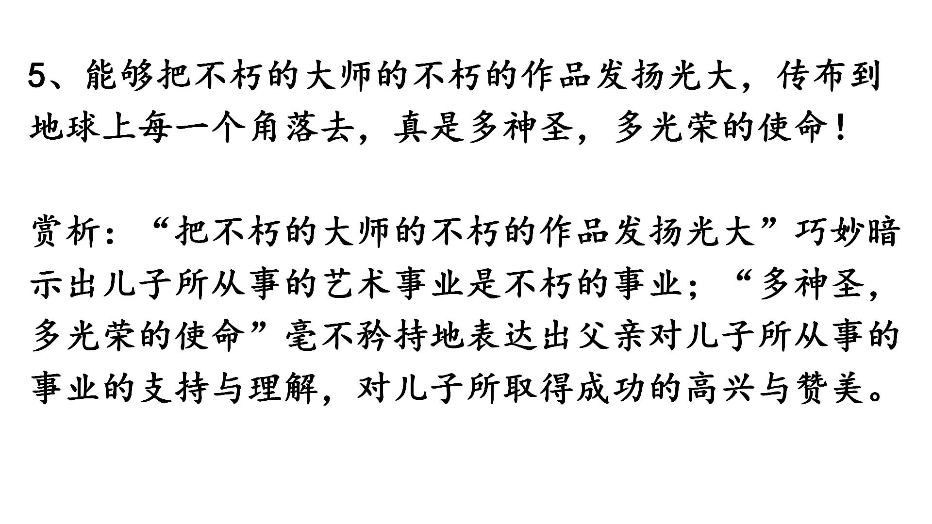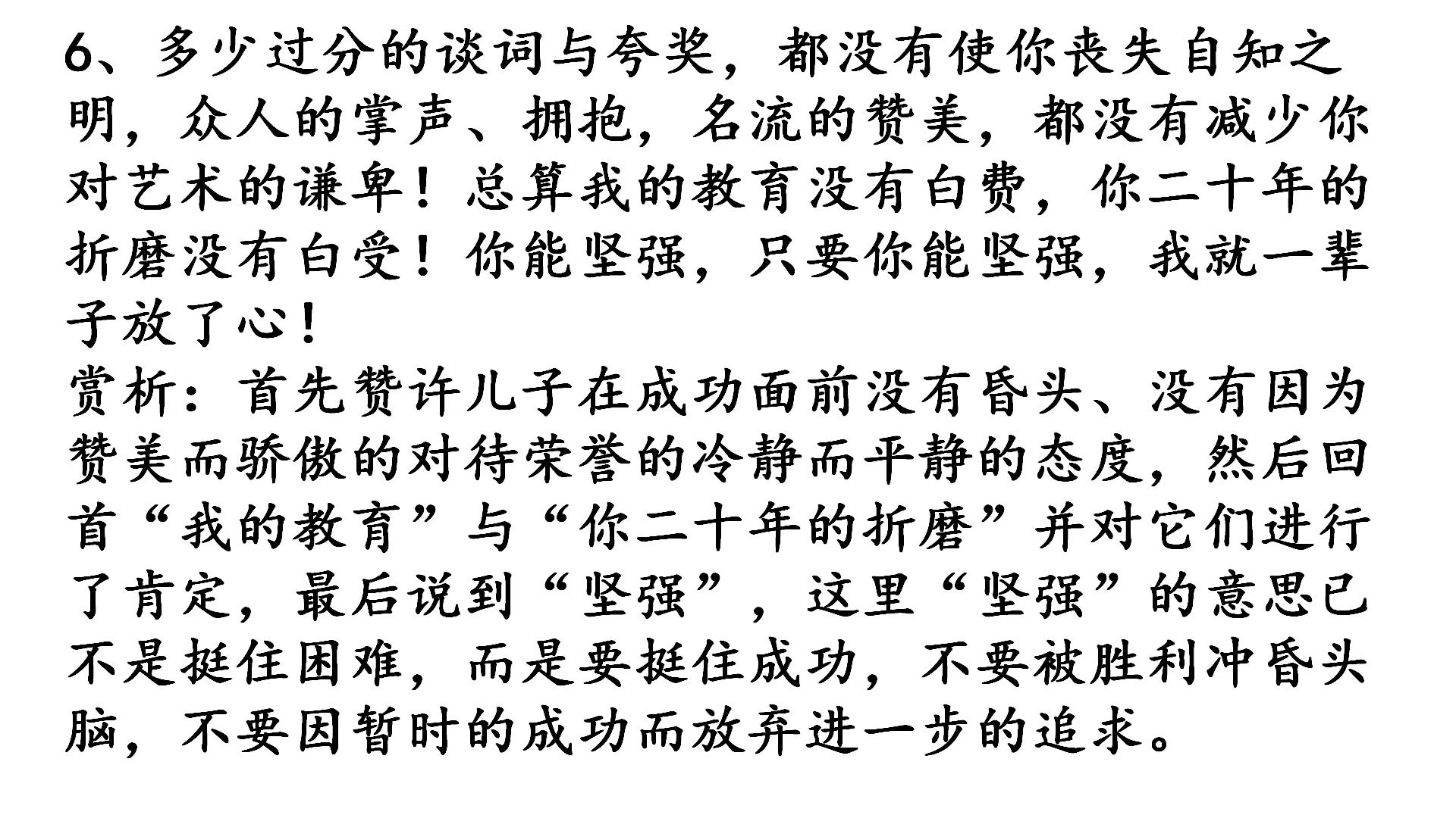 感悟:这是傅雷听过儿子傅聪的钢琴演奏录音后对儿子的讲评。这里面包含了傅雷对儿子的钢琴演奏录音的精细的分析及赞赏,并且在后面提到了对儿子的希望。这是家长对孩子的正确的教育方法,即既要体现出自己对孩子的肯定,让其有努力拼搏的决心以及会成功的信心,也要提出自己的希望,给孩子指明前进的路线、发展的方向。而我们当子女的,也应在父母的引导下,吸取父母的经验,取长补短地发展自己。
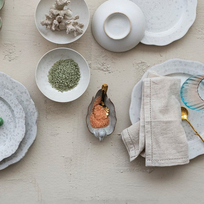 Este plato decorativo en forma de pájaro está elaborado en cerámica con acabado esmaltado en tonos blancos suaves y matices naturales. Su diseño orgánico y artesanal lo convierte en una pieza única, ideal para añadir un toque sutil y elegante a cualquier espacio.
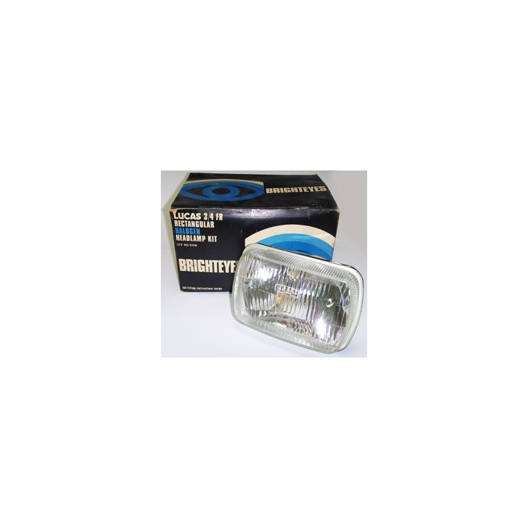 Lucas Brighteyes Replacement Lighting set. Consists of a p air of 3FR Halogen Headlamp Units, Halogen 60/55W Bulbs, side light bulbs and holders. This kit is specified for fitment to Ford Capri (1970/71), Chrysler Avenger (Super & De-Luxe) and Triumph Toledo. The item is still in its original packaging and is virtually untouched since being manufactured. Lucas New Old Stock, We have limited numbers available.
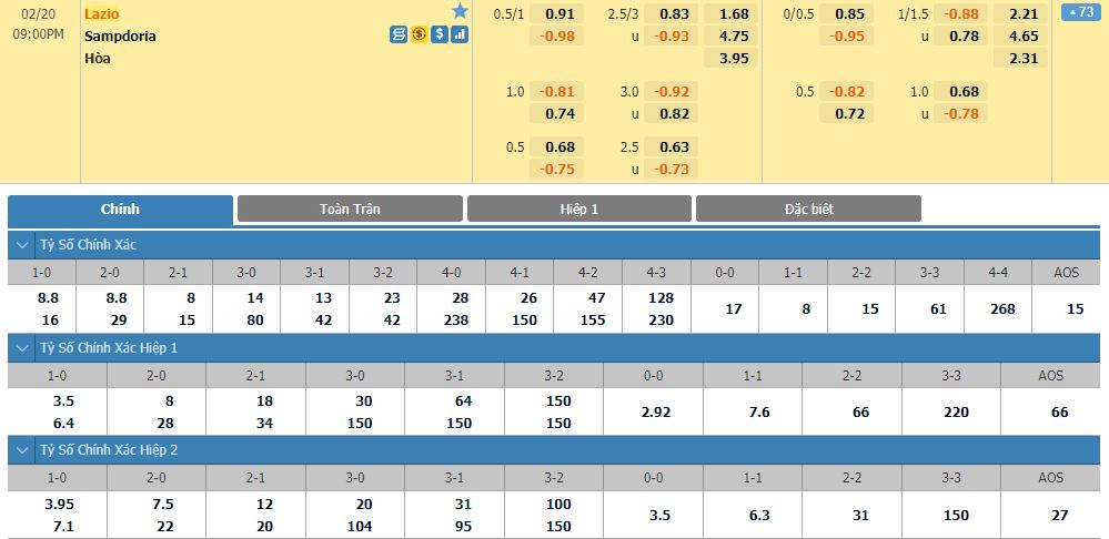 Soi kèo tổng quát Lazio vs Sampdoria

....................

• _ASSIGNMENT_
Transcribe the material as is, with images omitted.

• _EXERCISE RESULT_
 感悟:这是傅雷听过儿子傅聪的钢琴演奏录音后对儿子的讲评。这里面包含了傅雷对儿子的钢琴演奏录音的精细的分析及赞赏,并且在后面提到了对儿子的希望。这是家长对孩子的正确的教育方法,即既要体现出自己对孩子的肯定,让其有努力拼搏的决心以及会成功的信心,也要提出自己的希望,给孩子指明前进的路线、发展的方向。而我们当子女的,也应在父母的引导下,吸取父母的经验,取长补短地发展自己。
 Este plato decorativo en forma de pájaro está elaborado en cerámica con acabado esmaltado en tonos blancos suaves y matices naturales. Su diseño orgánico y artesanal lo convierte en una pieza única, ideal para añadir un toque sutil y elegante a cualquier espacio.
 Lucas Brighteyes Replacement Lighting set. Consists of a p air of 3FR Halogen Headlamp Units, Halogen 60/55W Bulbs, side light bulbs and holders. This kit is specified for fitment to Ford Capri (1970/71), Chrysler Avenger (Super & De-Luxe) and Triumph Toledo. The item is still in its original packaging and is virtually untouched since being manufactured. Lucas New Old Stock, We have limited numbers available.
 Soi kèo tổng quát Lazio vs Sampdoria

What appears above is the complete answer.